# Bioactive Set-up Help!



## -Jordan- (Nov 24, 2019)

Hi,
I am upgrading my Robust Velvet Gecko set-up to a bioactive one, however as someone who isn't very familiar with plants I was wandering if anyone could recommend certain plants that would do well in these conditions; 80% humidity, average temp 28 degrees, the substrate will be a combination of Coco Peat and Natural Fertilizer. The size of the set-up is 18" x 18" x 36". I plan on having a Bromeliad (Epiphytes) as a natural water source if it works in the enclosure. If you can help me out that would be fantastic. 

Cheers -Jordan-


----------



## Ella C (Nov 24, 2019)

Sure thing 
Ferns of literally all kind (Birds nest, lemon butter, etc)
Bromeliads, calathea, begonia, devil's ivy, parlour palm, lucky bamboo, fruit-salad plant (Will quickly grow big, however,) earth stars, peace Lillies, anthurium, orchids, climbing ficus, English ivy, snake plant, spider plant, and moss.

Please post some photos!!

I recommend adding a bit of orchid bark, charcoal and sand to the substrate, it provides good humidity, and grip for plant roots.

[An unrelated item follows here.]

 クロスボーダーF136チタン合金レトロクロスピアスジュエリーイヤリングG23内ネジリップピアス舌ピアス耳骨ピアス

here's a photo of my bioactive


----------



## nick_75 (Nov 25, 2019)

Hi Jordan,

Have a look at this website http://www.wallumnurseries.com/. Plants are categorized by habitat. The habitat that Robust Velvet Geckos occur in the wild is Dry Sclerophyll Forest, look for plants in that habitat on the website.

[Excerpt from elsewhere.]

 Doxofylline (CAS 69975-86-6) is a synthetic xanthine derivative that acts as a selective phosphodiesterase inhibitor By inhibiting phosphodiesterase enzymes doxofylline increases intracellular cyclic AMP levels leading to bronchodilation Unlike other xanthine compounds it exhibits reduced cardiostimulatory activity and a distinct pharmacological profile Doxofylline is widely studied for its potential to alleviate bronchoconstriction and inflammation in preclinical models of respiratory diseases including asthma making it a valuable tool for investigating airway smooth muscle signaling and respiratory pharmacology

I have no idea myself, having never kept geckos but considering the area and the habitat that these geckos occur in the wild (Dry Sclerophyll Forest in SE QLD). Why are you keeping such high humidity?

Regards,
Nick


----------



## -Jordan- (Nov 29, 2019)

Hello,
Thanks for the recommendations Ella C and Nick. Sorry for the late response, just been very busy. This has helped me a lot, also the humidity I specified was supposed to be 50% - 80%. I had asked on another forum about what were the best requirements for Robust Velvet Gecko's as there isn't many care sheets online for this particular species.

Cheers, -Jordan-


----------